Military & Drones: distinguish unmanned aerial vehicles.

Transient Signal Identification

Studies show that the transient stage in radio signals (between noise and steady state) contains key features for device identification. Precisely detecting the transient boundary is crucial to avoid errors affecting feature extraction and training.

Common detection methods:

Bayesian change point detection: based on fractal dimension changes.
Phase-Based detection: based on linear phase variations during the transient stage.

Machine Learning and Deep Learning Applications

Once the transient signal is extracted, supervised machine learning models like SVM perform well but heavily rely on accurate transient segmentation.

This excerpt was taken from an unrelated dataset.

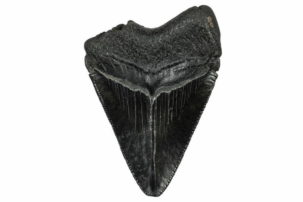 The standard measure for megalodon teeth is slant height, or the longest edge of the tooth. Adult megalodon teeth were typically in the 4 to 5 inch range: teeth over 6 inches are rare and represent super-sized individuals. Only a handful of teeth have ever been found over seven inches.

To overcome this, deep learning (CNN, LSTM) leverages the full signal, reducing dependence on transient detection and improving accuracy. Recent models such as RiftNet have been applied to identify devices from smartphone Bluetooth signals.

3. Method

Signal Classification with Machine Learning

Instantaneous Phase Features

Based on transient-based RF fingerprinting.
Extract high-order statistical features: skewness, kurtosis, variance from:
- Instantaneous amplitude
- Instantaneous frequency
- Instantaneous phase
These features reflect micro hardware imperfections, creating a unique “fingerprint” for each device.

TFED Features

Use Hilbert-Huang transform to analyze signals in the time-frequency domain.
Extract feature groups:
- Transient Signal (e.g., duration, energy, phase entropy)
- Envelope (e.g., energy, envelope variance)
- TFED-Time (e.g., slope, variance, energy peak distribution)
- TFED-Frequency (e.g., peaks, energy variance)
Limitation: requires manual extraction, depends on accurate transient detection, and can lose information at low sampling rates.

Signal Classification with RiftNet

RiftNet architecture

RiftNet has two branches:
- Branch (A): processes long segments (~16 μs).
- Branch (B): processes short segments (~2.5 μs).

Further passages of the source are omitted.